Bénie soit-elle ! se dit Leto. Et que notre convoyeur d’eau rumine là-dessus !
« Votre intérêt pour l’eau et le contrôle climatique est évident, dit-il. Vous devriez orienter différemment vos intérêts, croyez-moi. Un jour viendra où l’eau ne sera plus une denrée aussi précieuse pour Arrakis. »
Et il songea : Il faut qu’Hawat redouble ses efforts pour noyauter cette organisation de Bewt. Et nous devrons immédiatement veiller sur les points d’eau. Personne ne peut me menacer de la sorte !
Bewt hocha la tête, sans cesser de sourire. « Un rêve agréable, Mon Seigneur. » Et il fit un pas en arrière.
Leto surprit alors l’expression de Kynes. Le planétologiste regardait Jessica.
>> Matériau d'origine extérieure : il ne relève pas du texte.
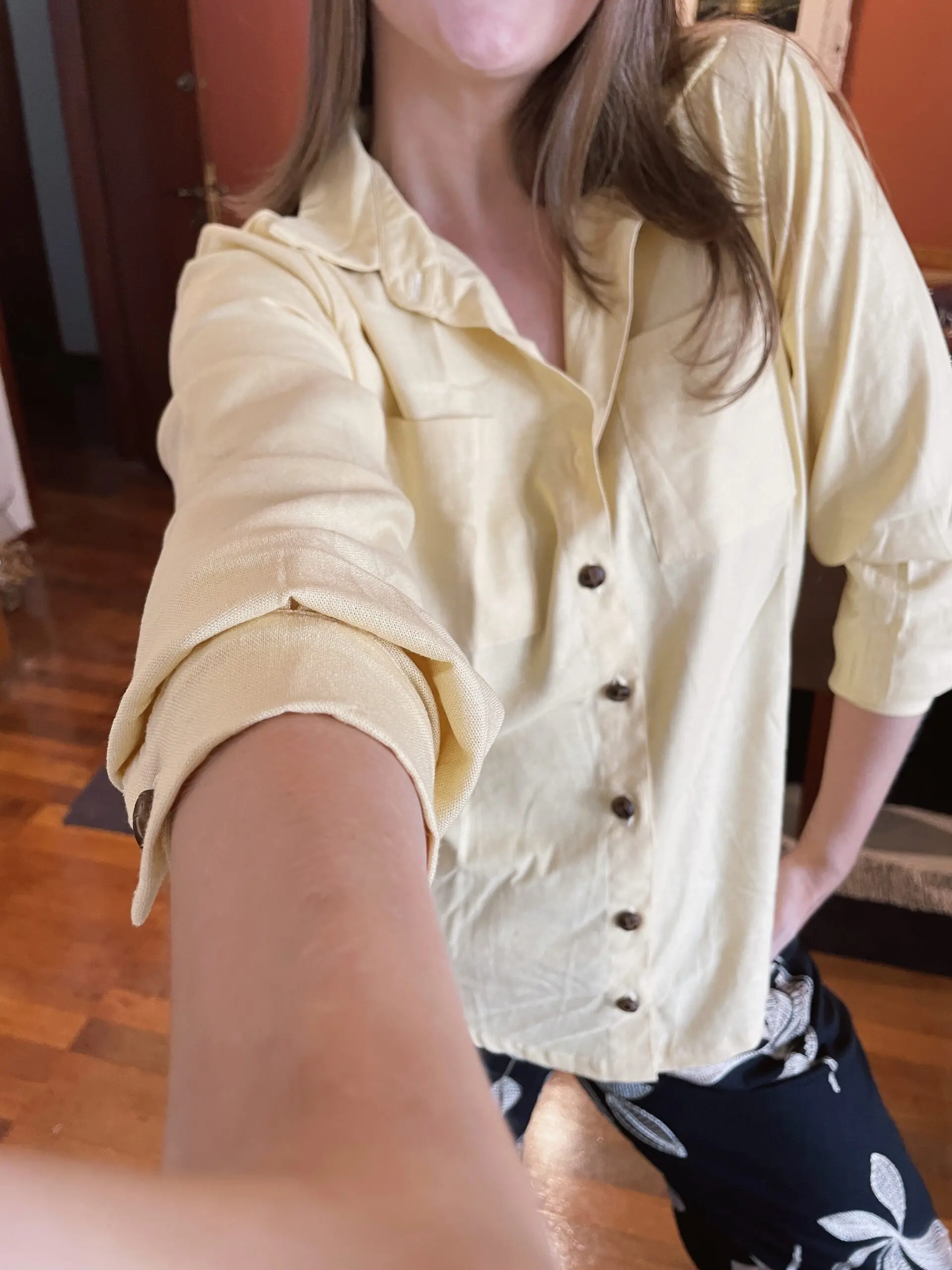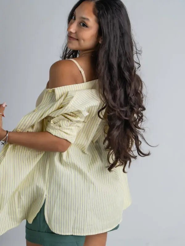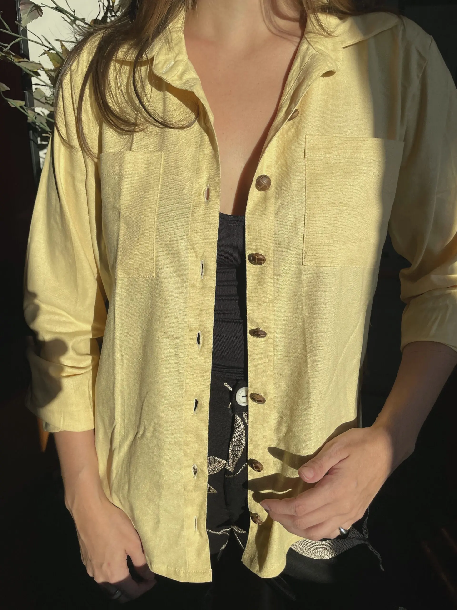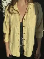 Nossa camisa de linho amarelo manteiga é aquele toque de cor que levanta qualquer look. Leve, estilosa e com modelagem soltinha, ela tem dois bolsos frontais e uma parte de trás levemente arredondada que garante um caimento lindo!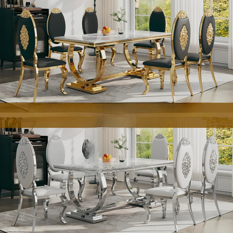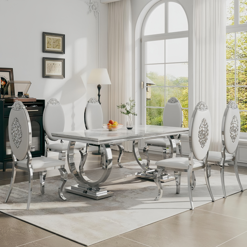 Ensemble de table à manger en acier inoxydable argenté pour 6 personnes, table à manger moderne avec plateau en marbre blanc et chaises argentées, utilisation à domicile ou à l'hôtel
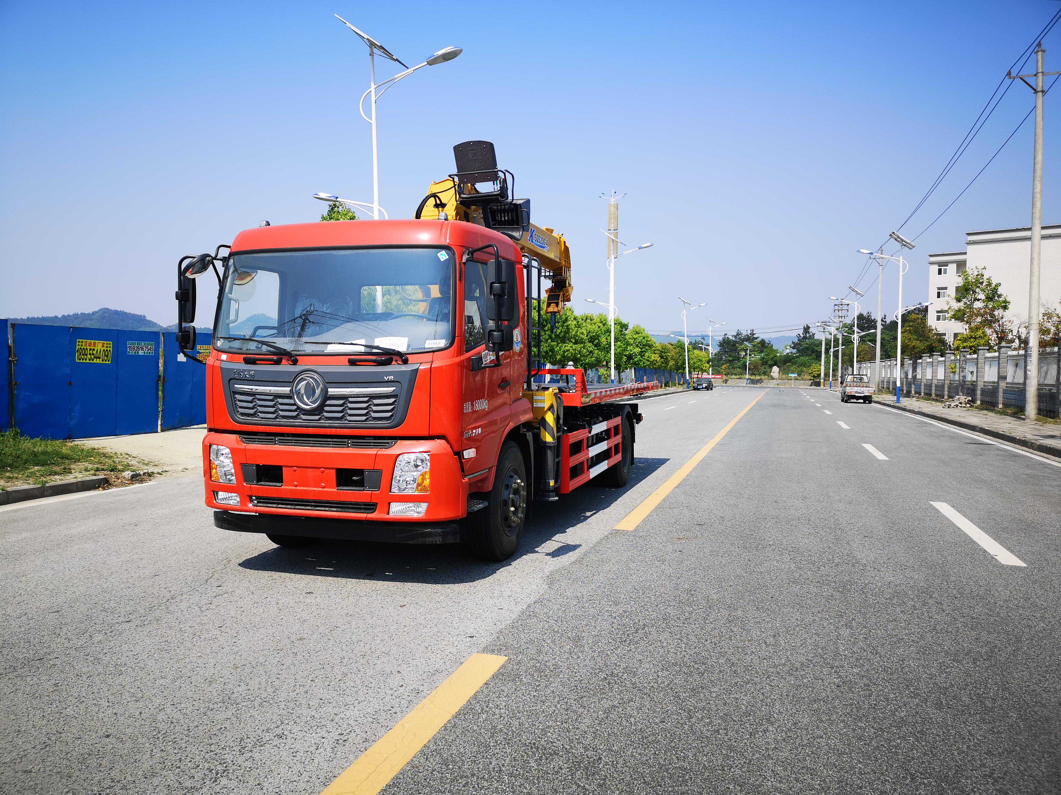 东风天锦DFH1180B5随车吊专用底盘:天锦D530平顶排半车身,3人座,空调、气囊座椅、电动门窗;东风康明斯发动机,6.2升排量,最大功率154KW(210马力);法士特8JS85E八档高低速变速箱;5000mm轴距;300mm直通三层车架;前桥4.5吨,后桥9吨;10.00R20钢丝胎;断气刹、ABS。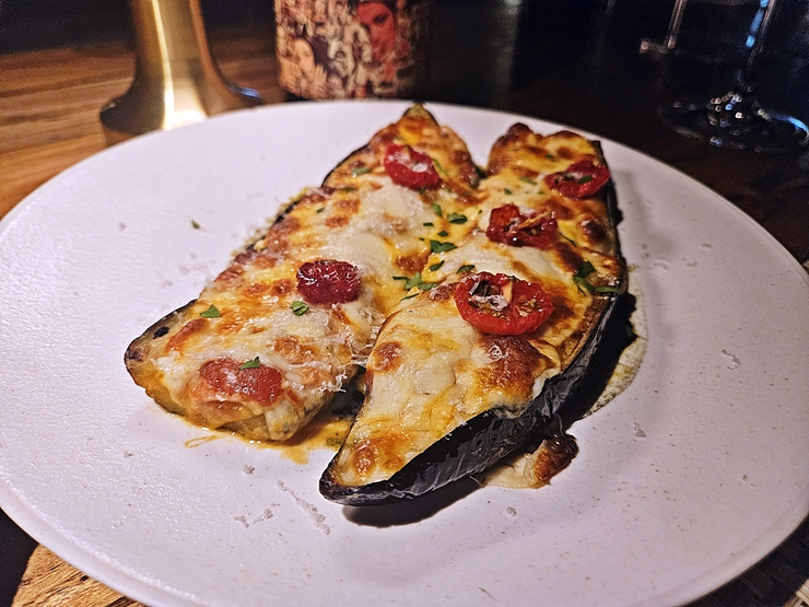 가지 그라탕. 가지는 튀겨 먹는 것이 제일이지만 이렇게 구워 먹는 것도 맛있다. 가지 무침이라는 요리 때문에 가지가 저평가 되는 것이 참 아쉽다. 토마토 소스로 속을 채운 후 그 위에 호쾌하게 치즈를 얹어 구운 요리다. 구운 가지는 겉은 약간 질기면서도 속은 부드럽게 잘 씹혔다.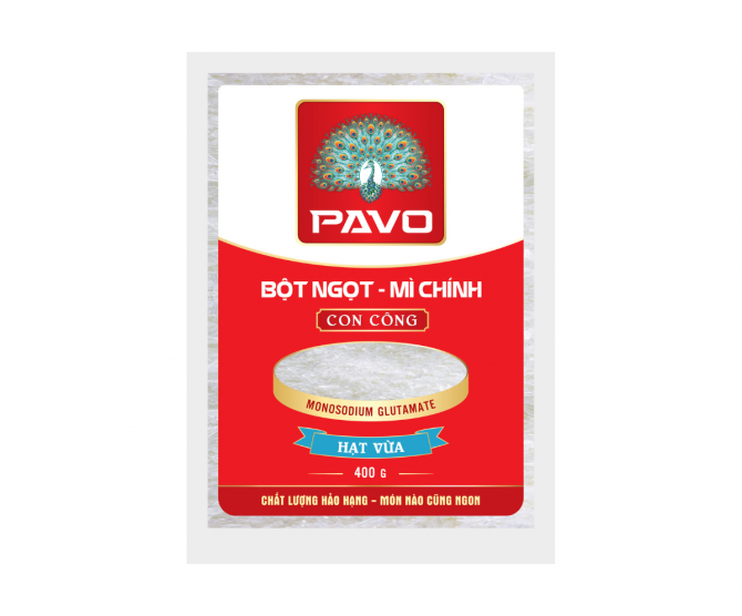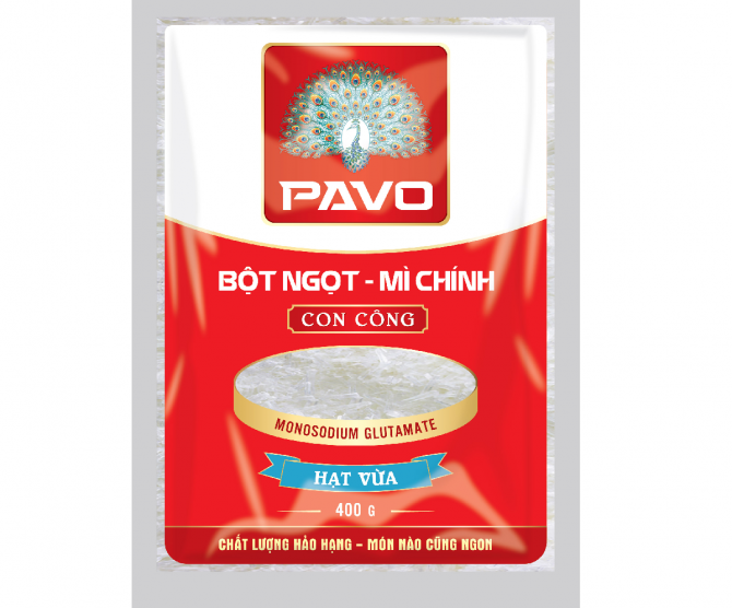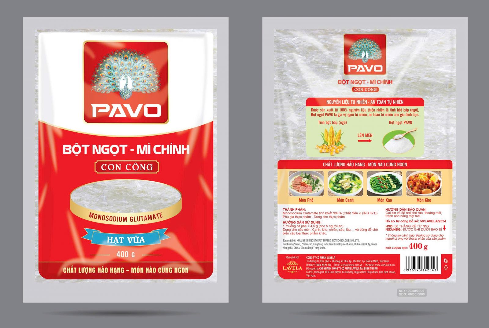 LAVELA hân hạnh ra mắt dòng sản phẩm Bột Ngọt (Mì chính) CON CÔNG thuộc thương hiệu PAVO - bí quyết cho bữa ăn thêm đậm đà, tròn vị và đầy yêu thương. Được sản xuất từ 100% nguyên liệu thiên nhiên là tinh bột bắp (ngô), bột ngọt Pavo là gia vị ngon tự nhiên, an toàn tự nhiên cho gia đình bạn.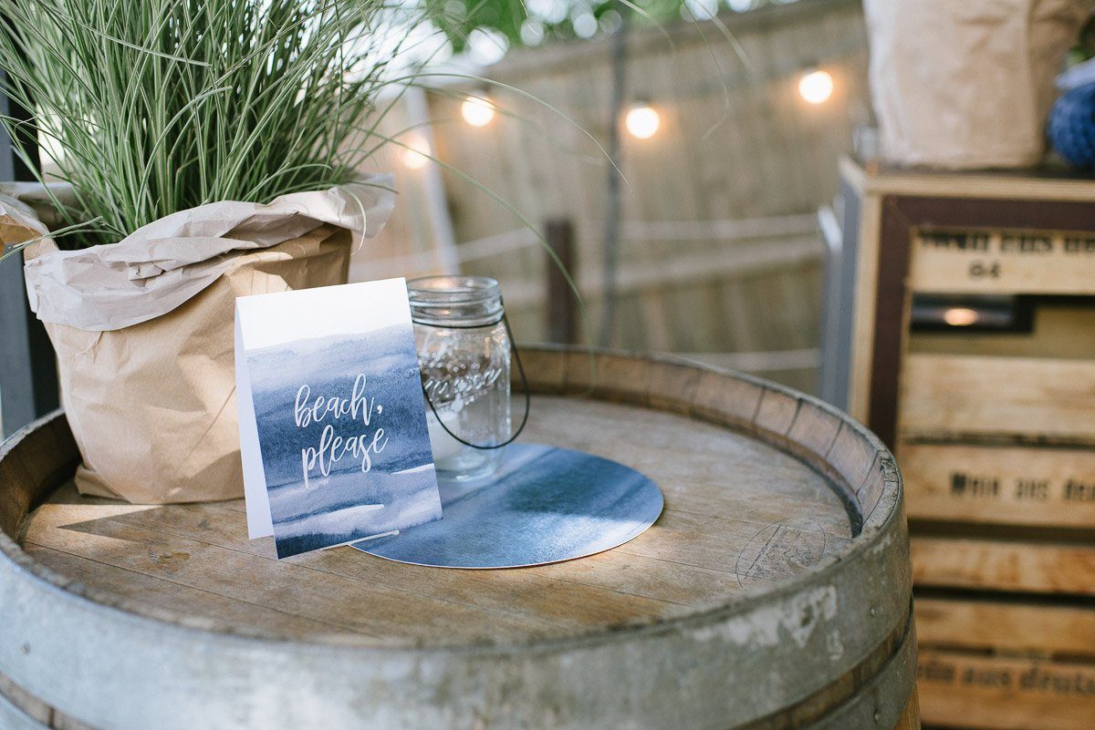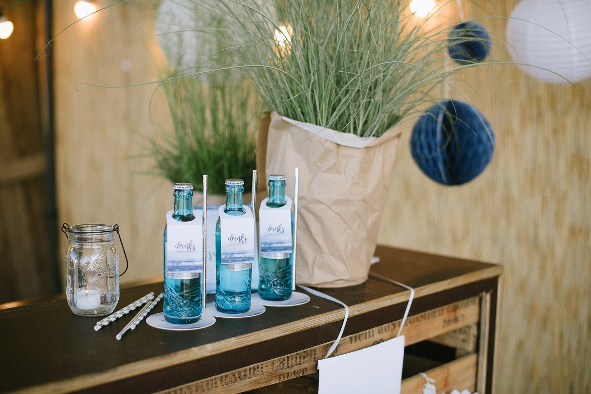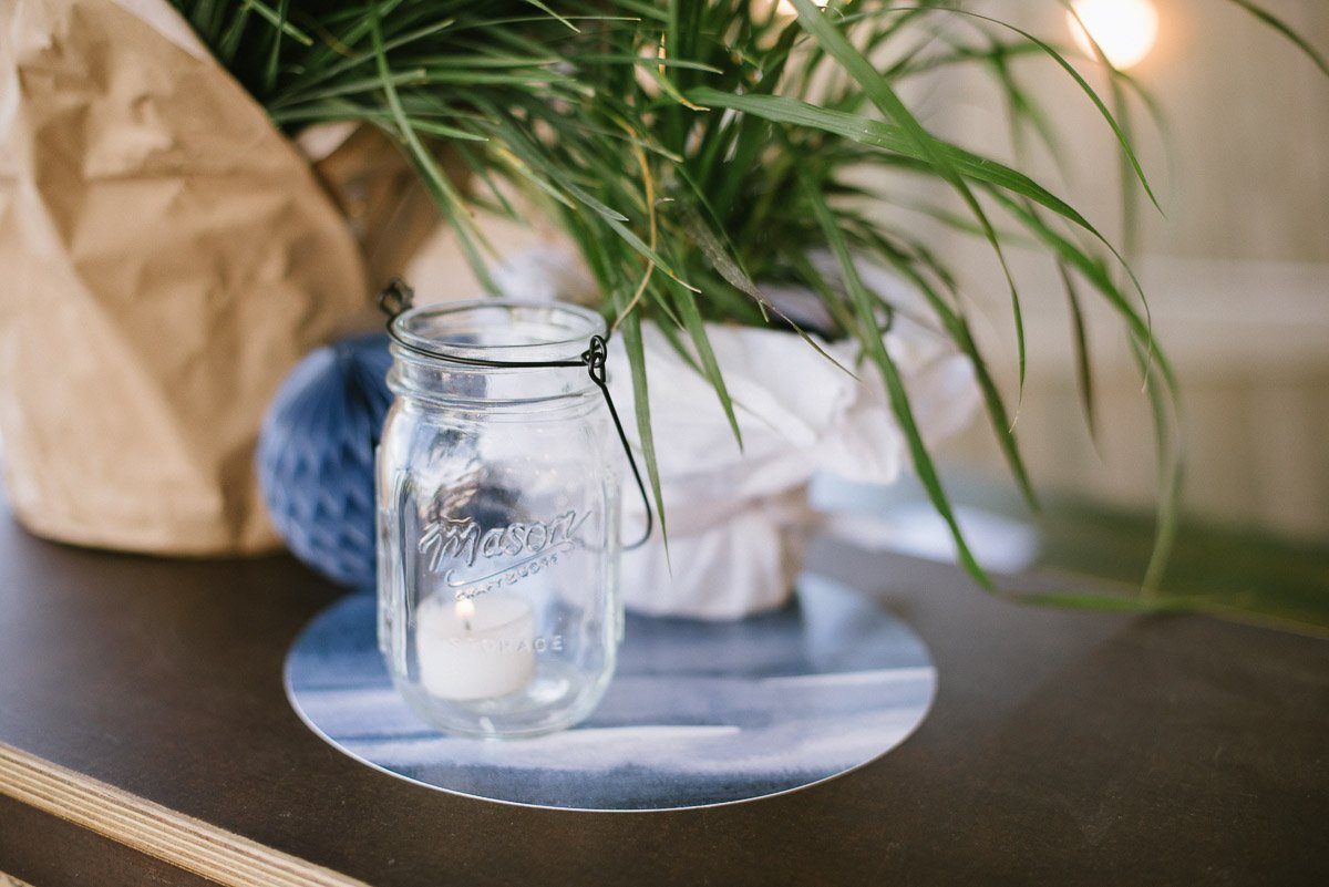 Sie bilden die Basis für die Dekoration. Ein Aussteller mit einem stimmungsvollen Spruch unterstreicht das Beachfeeling. Hinzu kommen einige Gräser in Töpfen, die man später auch prima den Gästen als Erinnerung mit nach Hause geben kann. Kerzen dürfen natürlich auch nicht fehlen. Die Mason Jar Gläser zum Aufhängen eignen sich perfekt als Windlichter.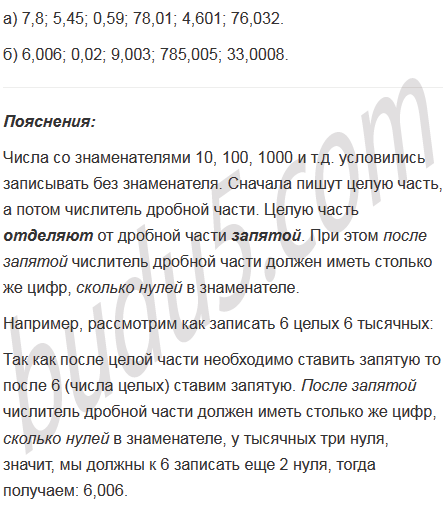 а) 7 целых 8 десятых; 5 целых 45 сотых; 0 целых 59 сотых; 78 целых 1 сотая; 4 целых 601 тысячная; 76 целых 32 тысячных;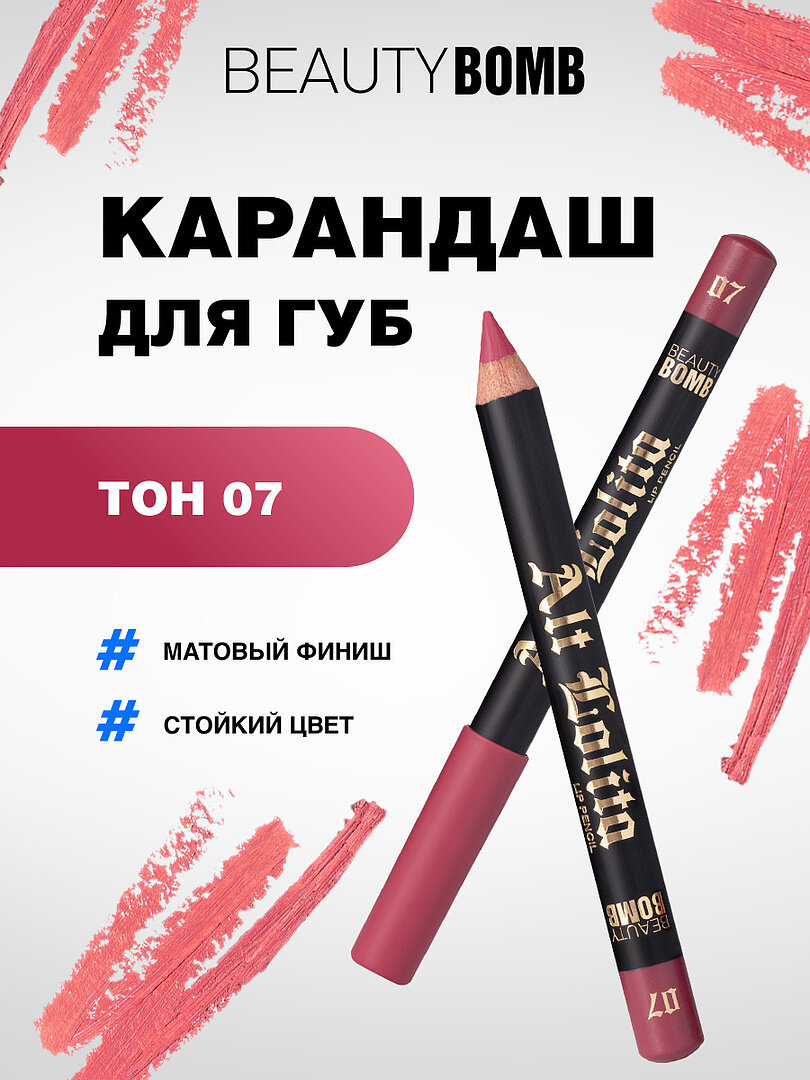 Карандаш для губ Beauty Bomb устойчивый Lip Pencil Alt Lolita, тон 07 интересное:

Et il semblait transfiguré… Comme un homme amoureux… ou pris d’une transe religieuse.
En cet instant, les mots de la prophétie occupaient tout l’esprit de Kynes : « Et ils partageront votre rêve le plus précieux. »
Il s’adressa à Jessica : « Amenez-vous le court-chemin ? »
« Ah ! docteur Kynes ! intervint le convoyeur d’eau. Vous êtes venu. Vous avez abandonné vos hordes de Fremens. Comme c’est aimable à vous ! »
Kynes posa sur lui un regard inscrutable : « On dit dans le désert que la possession de l’eau en grande quantité peut conduire un homme à une fatale négligence. »
« Ils ont nombre de dictons étranges dans le désert », dit Bewt, mais sa voix trahissait son trouble.
Jessica s’approcha de Leto et glissa sa main sous son bras, cherchant un sintant de calme. Kynes avait dit : « … le court-chemin. » Dans la langue ancienne, cela se traduisait par « Kwisatz Haderach ». L’étrange question du planétologiste était passée inaperçue et, à présent, Kynes se penchait vers l’une des femmes de la suite, pr^étant l’oreille à quelque badinage murmuré.